> _Supplied information_
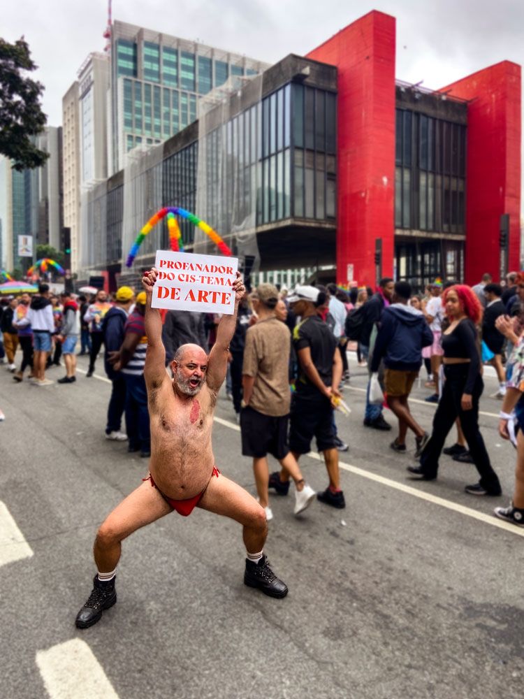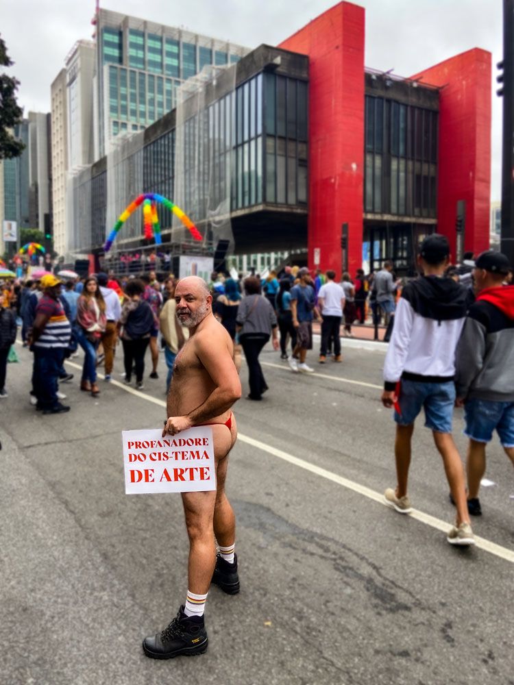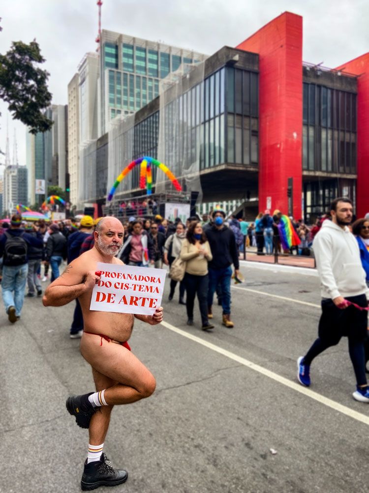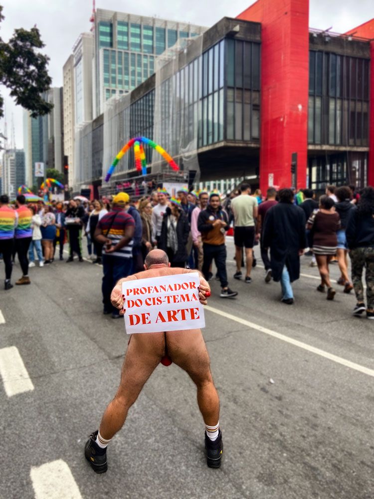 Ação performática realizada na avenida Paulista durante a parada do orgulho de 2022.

==

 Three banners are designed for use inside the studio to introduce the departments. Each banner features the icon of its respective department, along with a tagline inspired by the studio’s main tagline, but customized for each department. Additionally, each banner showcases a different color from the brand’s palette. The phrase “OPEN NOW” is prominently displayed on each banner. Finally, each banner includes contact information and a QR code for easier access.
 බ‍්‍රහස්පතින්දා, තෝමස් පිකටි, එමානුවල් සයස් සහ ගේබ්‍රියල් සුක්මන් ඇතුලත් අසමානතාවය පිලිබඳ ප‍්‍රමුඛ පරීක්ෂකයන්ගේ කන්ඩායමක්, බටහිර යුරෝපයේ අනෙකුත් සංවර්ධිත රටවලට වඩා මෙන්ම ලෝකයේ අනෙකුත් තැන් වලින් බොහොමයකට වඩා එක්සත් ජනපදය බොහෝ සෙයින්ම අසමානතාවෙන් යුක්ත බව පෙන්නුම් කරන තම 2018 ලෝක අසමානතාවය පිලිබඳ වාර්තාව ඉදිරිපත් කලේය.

--

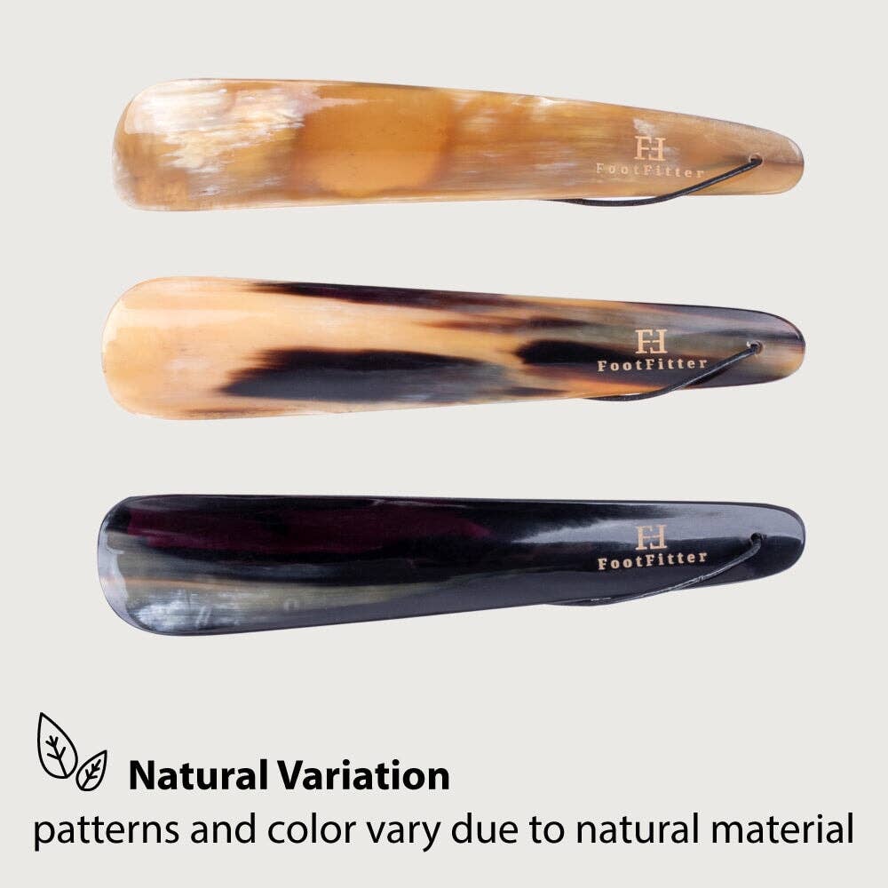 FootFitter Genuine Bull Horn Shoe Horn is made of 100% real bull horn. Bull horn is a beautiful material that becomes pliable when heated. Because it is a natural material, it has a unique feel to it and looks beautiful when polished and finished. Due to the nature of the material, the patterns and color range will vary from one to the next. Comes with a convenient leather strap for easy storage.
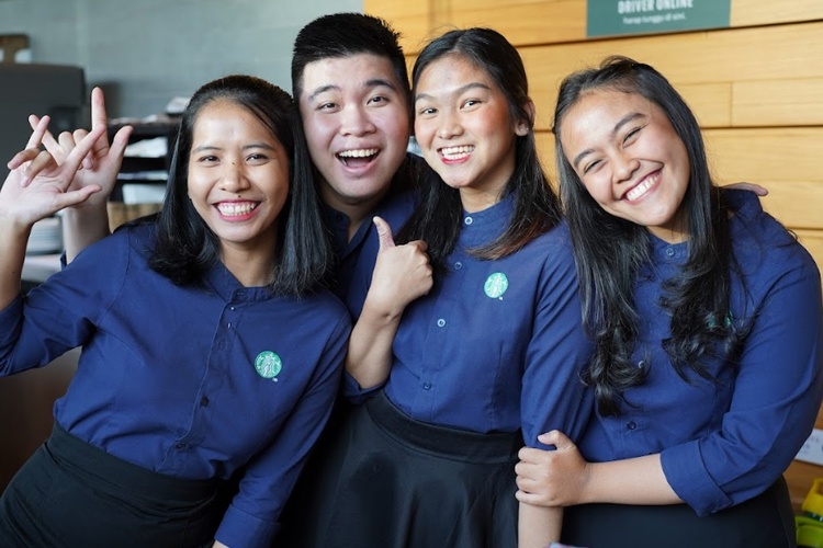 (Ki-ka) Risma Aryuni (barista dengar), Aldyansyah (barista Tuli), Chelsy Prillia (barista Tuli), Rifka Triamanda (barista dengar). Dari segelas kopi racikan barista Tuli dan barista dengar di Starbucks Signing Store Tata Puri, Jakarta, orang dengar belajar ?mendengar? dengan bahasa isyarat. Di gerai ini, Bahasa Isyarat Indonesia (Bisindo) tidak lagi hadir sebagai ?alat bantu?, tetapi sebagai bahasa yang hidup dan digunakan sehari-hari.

> _What you have to do_
From the records above, copy exactly the stretch from the line holding "FootFitter Genuine Bull" through the line holding "(Ki-ka) Risma Aryuni", both ends included, without the pictures.

> _Answer_
 FootFitter Genuine Bull Horn Shoe Horn is made of 100% real bull horn. Bull horn is a beautiful material that becomes pliable when heated. Because it is a natural material, it has a unique feel to it and looks beautiful when polished and finished. Due to the nature of the material, the patterns and color range will vary from one to the next. Comes with a convenient leather strap for easy storage.
 (Ki-ka) Risma Aryuni (barista dengar), Aldyansyah (barista Tuli), Chelsy Prillia (barista Tuli), Rifka Triamanda (barista dengar). Dari segelas kopi racikan barista Tuli dan barista dengar di Starbucks Signing Store Tata Puri, Jakarta, orang dengar belajar ?mendengar? dengan bahasa isyarat. Di gerai ini, Bahasa Isyarat Indonesia (Bisindo) tidak lagi hadir sebagai ?alat bantu?, tetapi sebagai bahasa yang hidup dan digunakan sehari-hari.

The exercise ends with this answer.